§ Requirement:
Print only the lines below from the one with "Nevin Al Sukari" to the one with "Example screenshot: ProCall", both included, exactly as they stand. Leave pictures out.
Available data Block Start
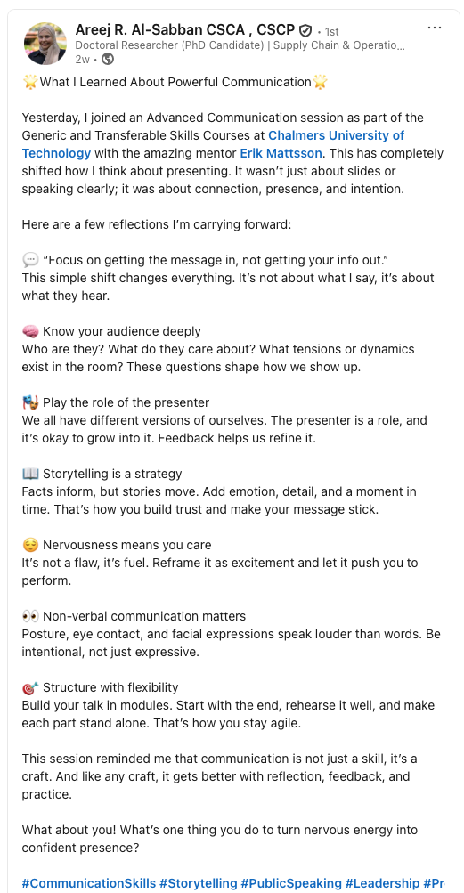 Igår deltog jag i kursen ”Advancerad Communication” som en del av kursen ”Generic and Transferable Skills” vid Chalmers tekniska högskola med den fantastiska mentorn Erik Mattsson. Detta har helt förändrat mitt sätt att tänka på presentationer. Det handlade inte bara om bilder eller att tala tydligt, utan om kontakt, närvaro och intention.
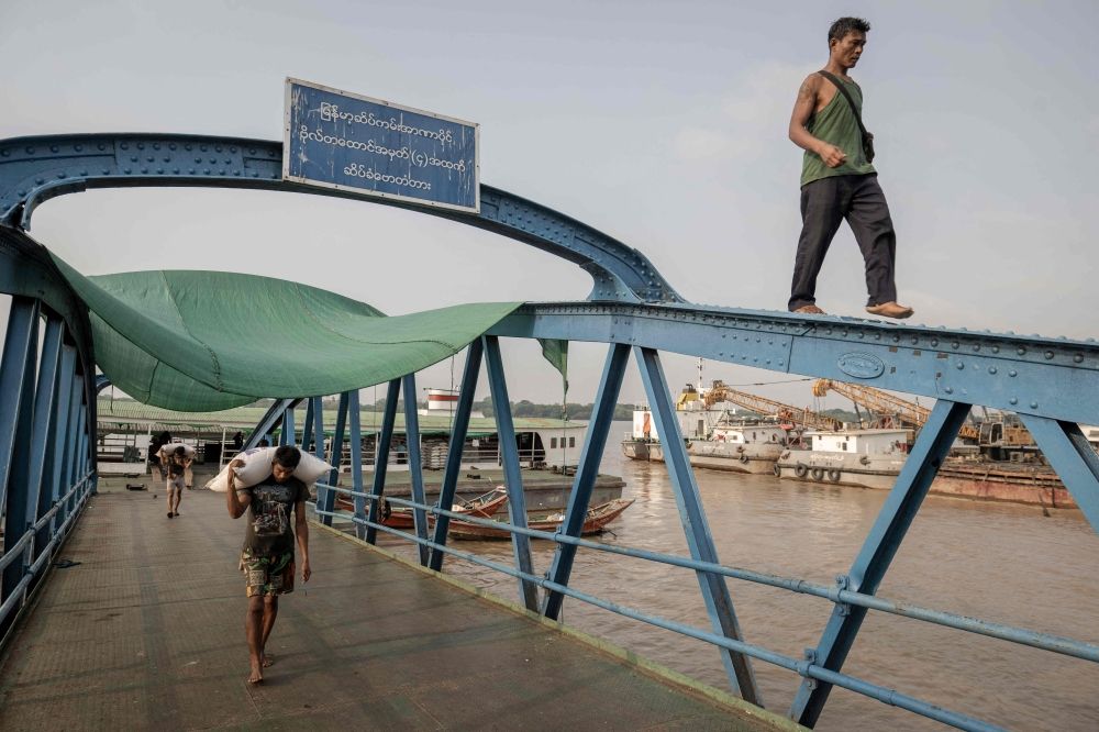 Nevin Al Sukari - Sana'a - Labourers unload sacks of rice from a ship along a jetty in Yangon on April 23, 2026. — AFP pic
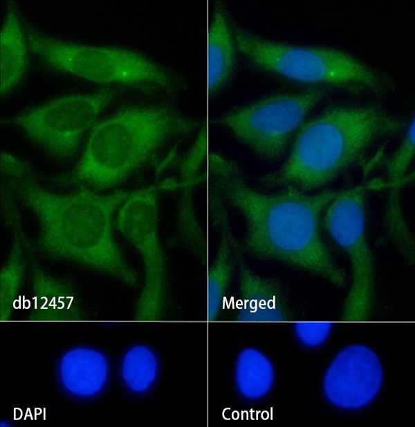 The cells were fixed with cold 100% methanol (10min, 4℃) and blocked in 1% BSA/10% normal goat serum/0.3M glycine in 0.1% PBS-Tween 20 for 1h. The cells were then incubate with db12457 (1:100) at room temprature for 1h, followed by a further incubation at room temperature for 45min with Goat Anti Rabbit lgG (H+L)-AF488 (
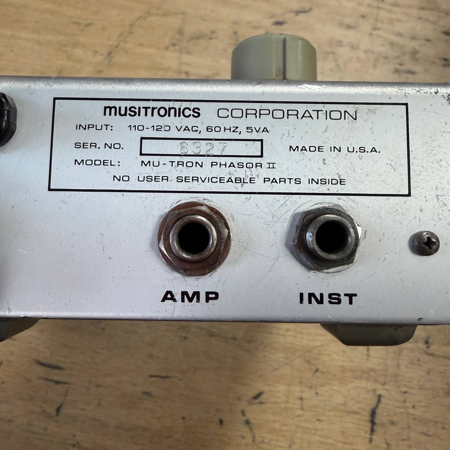 Up for sale is a vintage Musitronics Mu-Tron Phasor II guitar pedal. This one was just tested and cleaned up here in our shop and this one sounds great. It shows some wear, but all its original knobs are intact and working. Check out the pictures, inside and out! The pedal was made in the USA, serial number 6327.
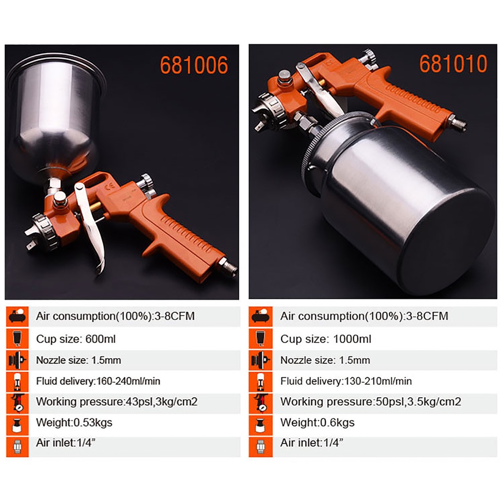 Harden 600ml, 1000ml Spray Gun (Professional) Hand Gravity Feed Pneumatic Painting Paint H
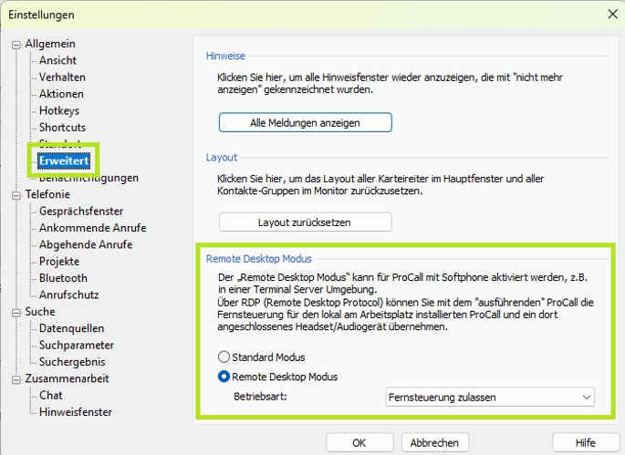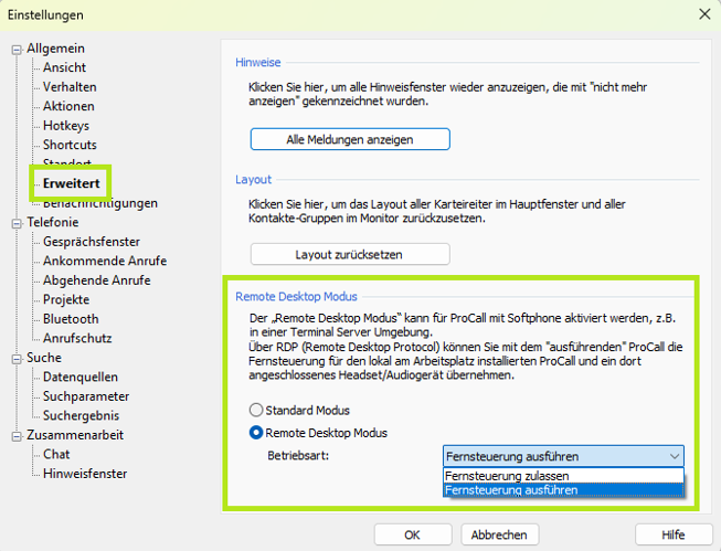 Example screenshot: ProCall Desktop for Windows - Settings - General - Advanced - Remote desktop mode - Run remote control mode
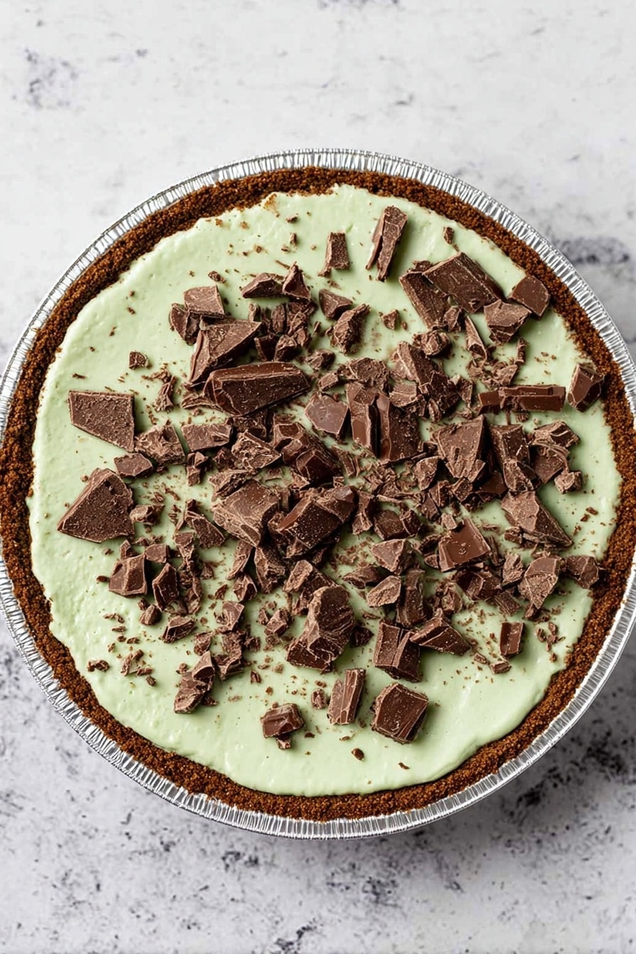 For special occasions, I’ve spooned the filling into individual mini chocolate tart shells for bite-sized treats—super cute and great for parties. Or layered the pie filling in clear parfait glasses with crumbled cookies and whipped cream for a trendy grasshopper trifle twist that everyone compliments.
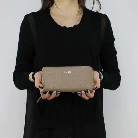 Portefeuille Liu Jo xl arizona en faux cuir de couleur grès, fermeture avec zip autour de. À l'intérieur de compartiments portabanconote, poches portatessere et une poche centrale avec fermeture à glissière pour la monnaie. Doublure intérieure rayée rose et noir. Logo Liu Jo d'or de la couleur appliquée sur le devant.
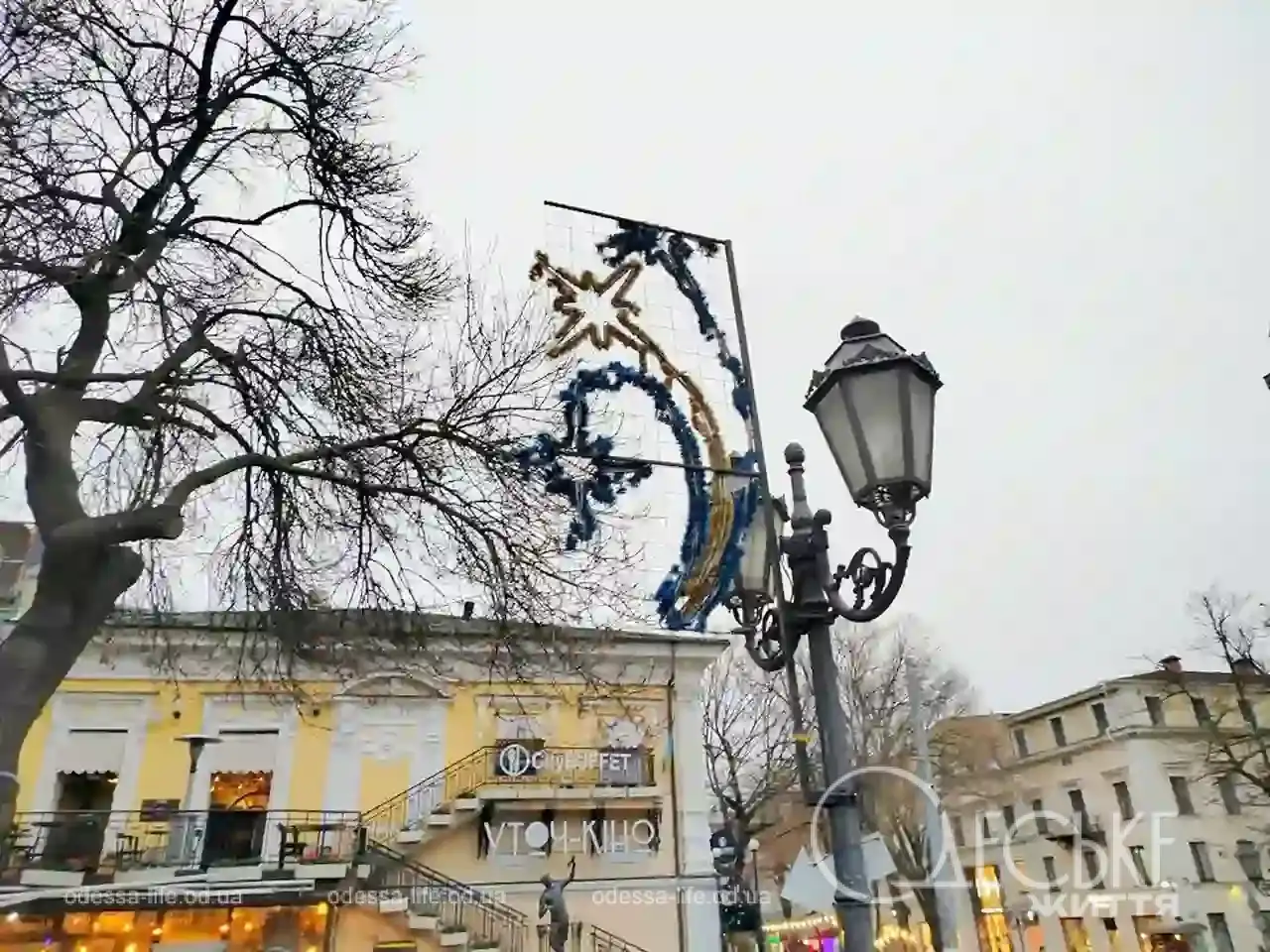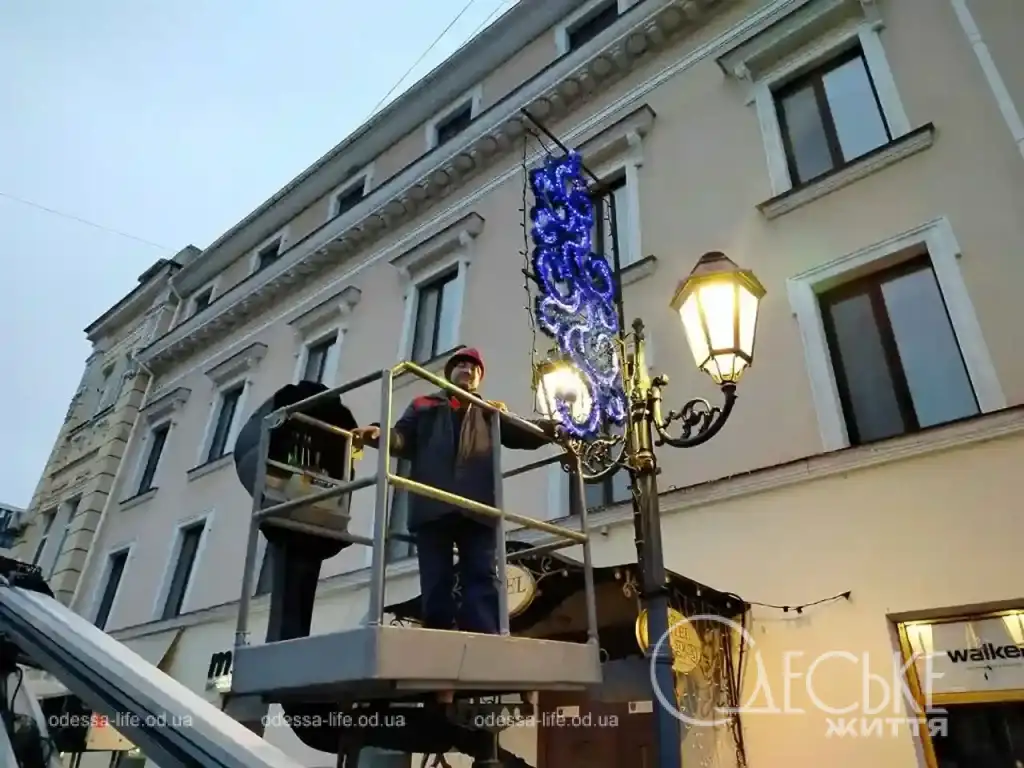 В Одессе началось праздничное оформление: на центральных улицах монтируют гирлянды, снежинки, звёзды, декоративные арки и другие новогодние инсталляции.
Available data Block End
§ Task response:
 Nevin Al Sukari - Sana'a - Labourers unload sacks of rice from a ship along a jetty in Yangon on April 23, 2026. — AFP pic
 The cells were fixed with cold 100% methanol (10min, 4℃) and blocked in 1% BSA/10% normal goat serum/0.3M glycine in 0.1% PBS-Tween 20 for 1h. The cells were then incubate with db12457 (1:100) at room temprature for 1h, followed by a further incubation at room temperature for 45min with Goat Anti Rabbit lgG (H+L)-AF488 (
 Up for sale is a vintage Musitronics Mu-Tron Phasor II guitar pedal. This one was just tested and cleaned up here in our shop and this one sounds great. It shows some wear, but all its original knobs are intact and working. Check out the pictures, inside and out! The pedal was made in the USA, serial number 6327.
 Harden 600ml, 1000ml Spray Gun (Professional) Hand Gravity Feed Pneumatic Painting Paint H
 Example screenshot: ProCall Desktop for Windows - Settings - General - Advanced - Remote desktop mode - Run remote control mode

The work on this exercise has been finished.